Determining the Isotopic Composition of Surface Water Vapor Flux From
High-Frequency Observations Using Flux-Gradient and the Keeling Methods
Abstract
The isotopic composition of surface water vapor flux (δ) is a quantity
frequently used to investigate the local and regional water cycle. In
this study, the δ determined with the Keeling method was evaluated
against the flux-gradient method and the Craig-Gordon model prediction.
Previous studies have shown that the choice of regression fitting
methods can bias the δ intercept results and precision of the Keeling
method. Here, the Keeling method was applied to high-frequency (0.2 to 1
Hz) data measured at a cropland and a lake site to test different
regression methods. Results show that the Keeling method with the York’s
solution (YS) and the ordinary least squares (OLS) regression produced
robust estimates of δ when compared with the flux-gradient method.

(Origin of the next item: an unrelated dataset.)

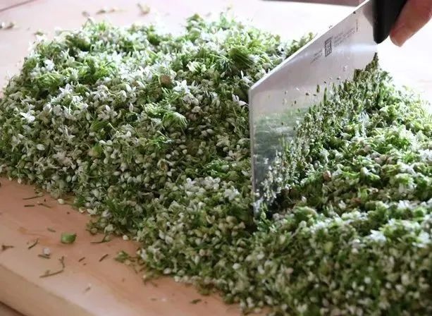 韭菜花晾干后,放在案板上,用菜刀将其剁碎。用搅拌机搅打韭菜花看起来是省力一些,但搅打成泥的韭菜花一点口感也没有了,香味都会变淡,而用刀剁出来的韭菜花特别香,吃起来还有些许的颗粒感,比泥状的韭菜花酱好吃很多!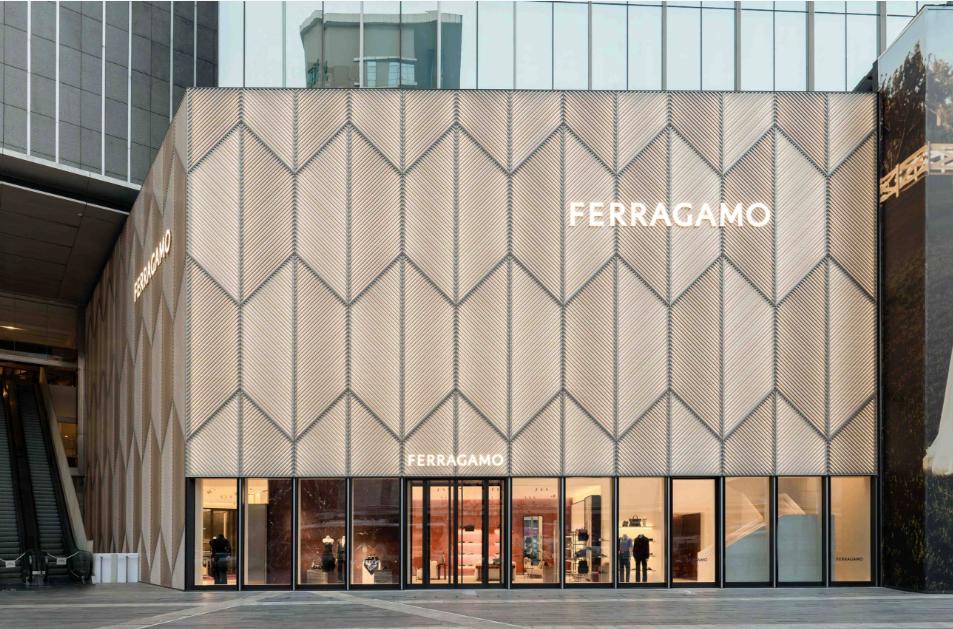 据介绍,Ferragamo挚邀知名建筑师Vincent Van Duysen担纲项目设计,其作品兼顾理性与感性,呈现别出心裁的独到风格。精品店坐落于成都核心商圈显眼转角区域,外立面贯通上下两层,选用了与托斯卡纳地区相关的建筑元素——Bugnato石材工艺,以现代手法重新诠释Bugnato图案。旗舰店内部,香波石材地板与手工设计图案的定制淡雅色调地毯相映成趣。

Increasing concentration range reduced the standard error of estimate
but did not bring obvious improvement to the bias error for the YS and
OLS regression. The Keeling result was better using data from two
sampling heights than only one. There was evidence that the Keeling
method with the OLS regression slightly outperformed the flux-gradient
method during periods with small vertical vapor gradient. Results also
show that the Keeling method with the geometric mean regression gave
highly biased estimate of δ for the types of isotope ratio infrared
spectroscopy analyzer deployed in this study. These results can inform δ
calculations and future experimental designs.